_Material provided_.
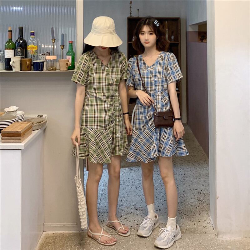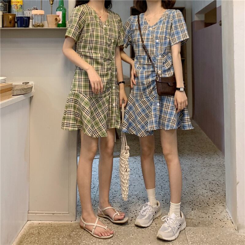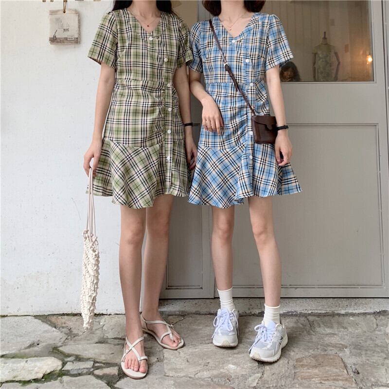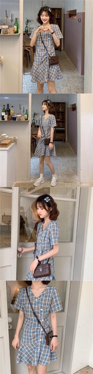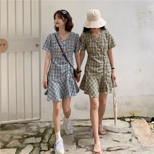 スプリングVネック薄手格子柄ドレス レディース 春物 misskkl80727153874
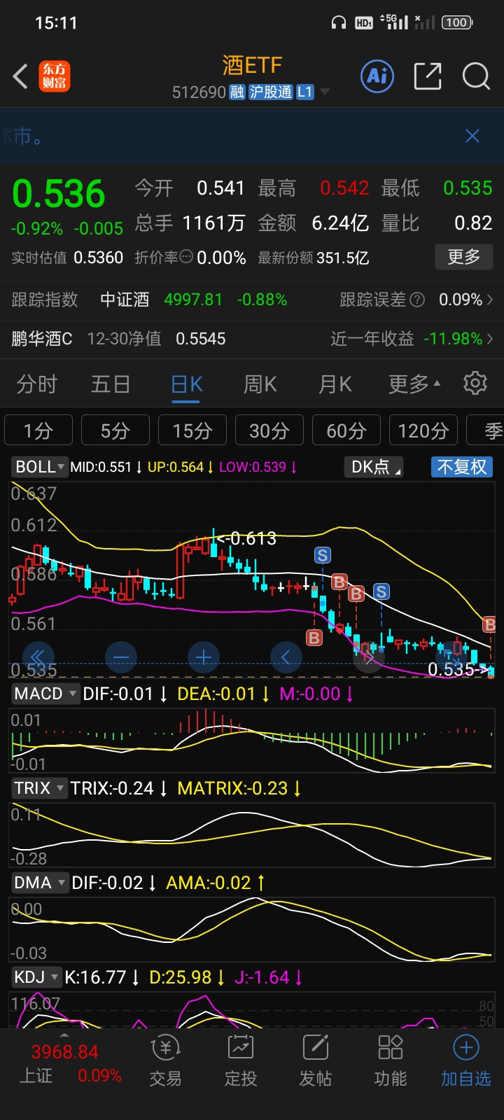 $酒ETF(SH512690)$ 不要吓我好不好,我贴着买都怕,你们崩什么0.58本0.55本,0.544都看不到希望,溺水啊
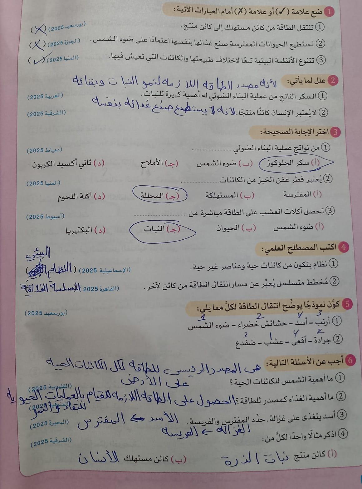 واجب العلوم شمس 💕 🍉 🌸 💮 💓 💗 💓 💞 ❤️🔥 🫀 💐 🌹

_What is being asked_. Drop the pictures and reproduce the rest of the data above exactly.

_Solution to this exercise_.
 スプリングVネック薄手格子柄ドレス レディース 春物 misskkl80727153874
 $酒ETF(SH512690)$ 不要吓我好不好,我贴着买都怕,你们崩什么0.58本0.55本,0.544都看不到希望,溺水啊
 واجب العلوم شمس 💕 🍉 🌸 💮 💓 💗 💓 💞 ❤️🔥 🫀 💐 🌹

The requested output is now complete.